The success of the hierarchical model in explaining the pigeon behavioral data has no equal in the current literature. Together with the results of neurophysiological studies (Engelage and Bischof, 1996; Li et al., 2007), the success of this model suggests that feedforward and hierarchical processing of visual information play important roles in object recognition by pigeons, as they do in primates.

Up to this point, we have focused on the mechanisms of visual object recognition that are likely to be shared by pigeons and people. However, the evolutionary lineages of both species diverged more than 300 million years ago; surely, we can expect their visual systems to show important differences due to adaptive specialization.

For example, it is likely that there are specialized mechanisms¹ of face perception in people and other primates (Pascalis and Kelly, 2009). However, a comparative analysis requires taking into account the fact that face recognition is a complex form of behavior, likely to result from the interaction of many mechanisms, including general processes shared with other species (de Waal and Ferrari, 2010; Shettleworth, 2010). Determining which aspects of human face perception are due to specialized vs. general mechanisms requires comparative research; here, pigeons are becoming a key species to determine the role of general recognition processes (Soto and Wasserman, 2011).

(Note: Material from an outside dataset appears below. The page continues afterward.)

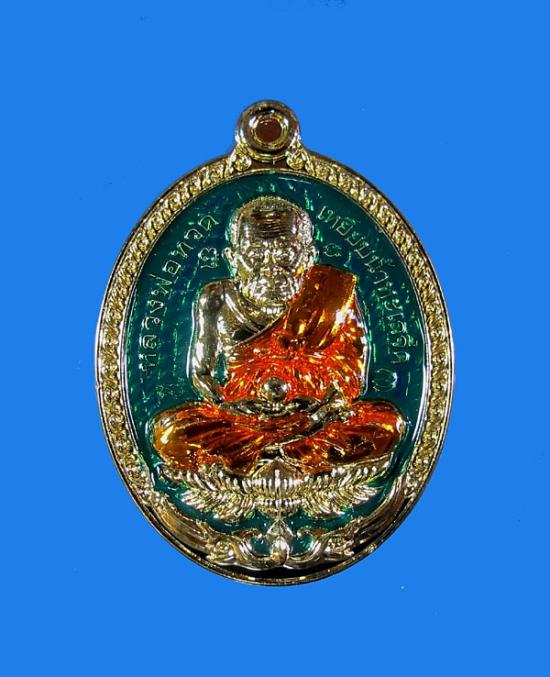 เหรียญหลวงพ่อทวด (ปู่ทวด) ชุดกรรมการ พิเศษ รุ่นเปิดโลก พิมพ์ไข่ หลวงปู่มหาศิลา สิริจันโท เมตตาเขียนยันต์หลังเหรียญ อธิษฐานจิต ออกวัดพระธาตุหมื่นหิน ชุบทองลงยาเขียว No 338

Only a handful of behavioral studies have compared human face recognition by pigeons and people. They have led to a complex pattern of results, suggesting that some properties of face perception in people are likely to be the result of specialized processes, whereas others might result from general processes. Regarding specialized processes, it has been found that, while people and other primates show an advantage in discriminating upright faces over inverted faces, the same advantage is not found in pigeons (Phelps and Roberts, 1994). It is widely believed that faces are perceived in a “holistic” or “configural” way to a larger extent than other objects (for reviews, see Maurer et al., 2002; Richler et al., 2008) and inversion effects have been proposed as a manifestation of holistic face perception (Farah et al., 1995). That is, holistic processing might be a specialized mechanism for face perception in primates.

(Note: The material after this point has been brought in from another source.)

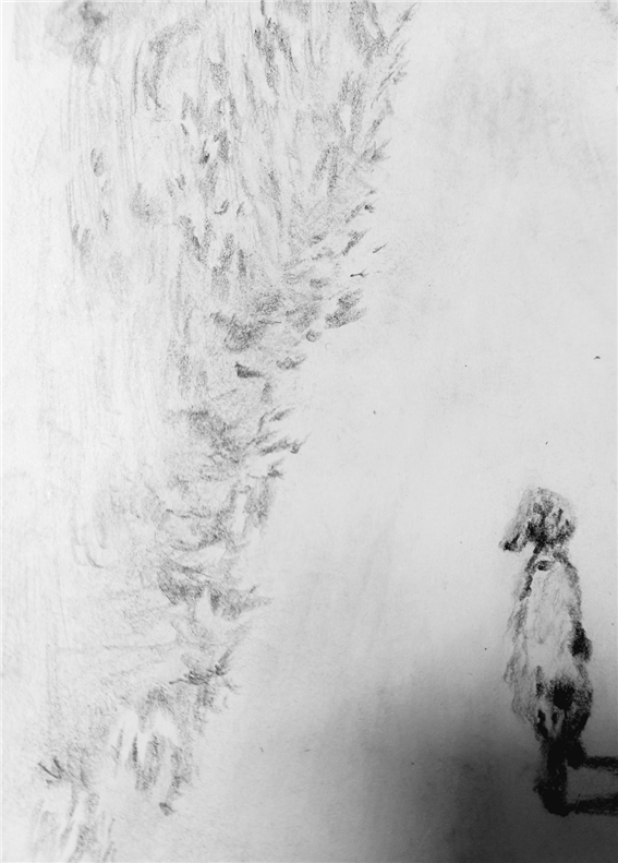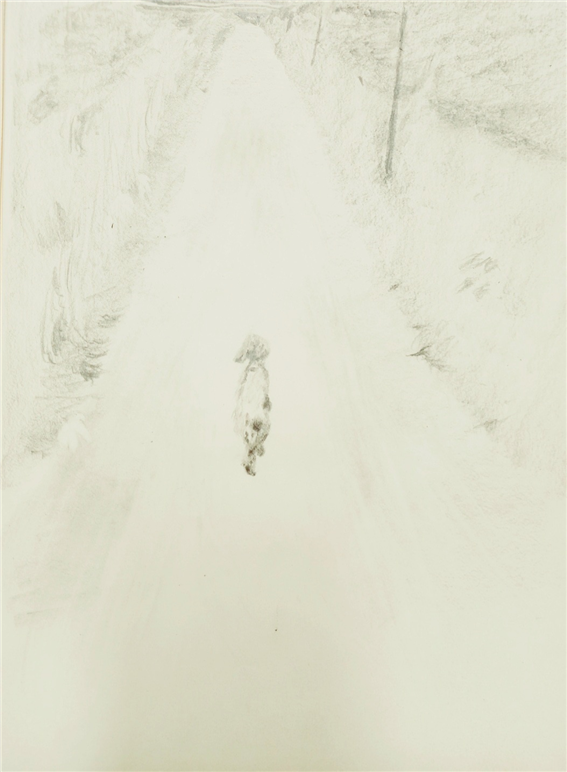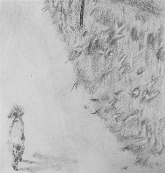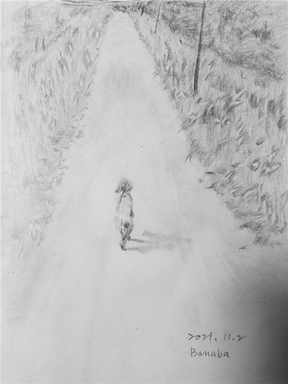 이번에는 미완성된 강아지 그림자와 길 양옆 풀숲의 완성 과정을 같이 따라가 보시겠습니다. 이 그림은 보기에는 간단해 보여도 막상 그리기에는 만만찮았습니다.

Surprisingly, other studies have shown similarities in the way people and pigeons process human faces. For example, both species use information near the eyes and chin to discriminate gender and they use information near the mouth to discriminate emotion (Gibson et al., 2005). Also, in both people (e.g., Schweinberger and Soukup, 1998; Fox and Barton, 2007; Ellamil et al., 2008; Fox et al., 2008) and pigeons (Soto and Wasserman, 2011), recognition of emotional expression depends on variations in identity, whereas recognition of identity is relatively independent of variations in emotion. It is possible that the origin of this latter interaction in people is decisional rather than perceptual (Soto et al., 2014), which would make the similarity across species easier to reconcile with the existence of specialized face perception processes in primates.

Overall, these results challenge the common assumption that a specialized human face perception system must underlie all observed aspects of human face recognition, being somehow “encapsulated”, or free from the influence of more general processes. Furthermore, they serve to underscore the fact that the evolution of a face recognition system did not solely involve the specialization of perceptual processes, but also the specialization of the human face as an efficient transmitter of social signals (Smith et al., 2005; Schyns et al., 2009). The human face could have been specialized through evolution to transmit signals that would be easily decoded by existing visual processes. If such visual processes are also present in birds, then the fact that some aspects of face recognition are similar in pigeons and people seems less surprising.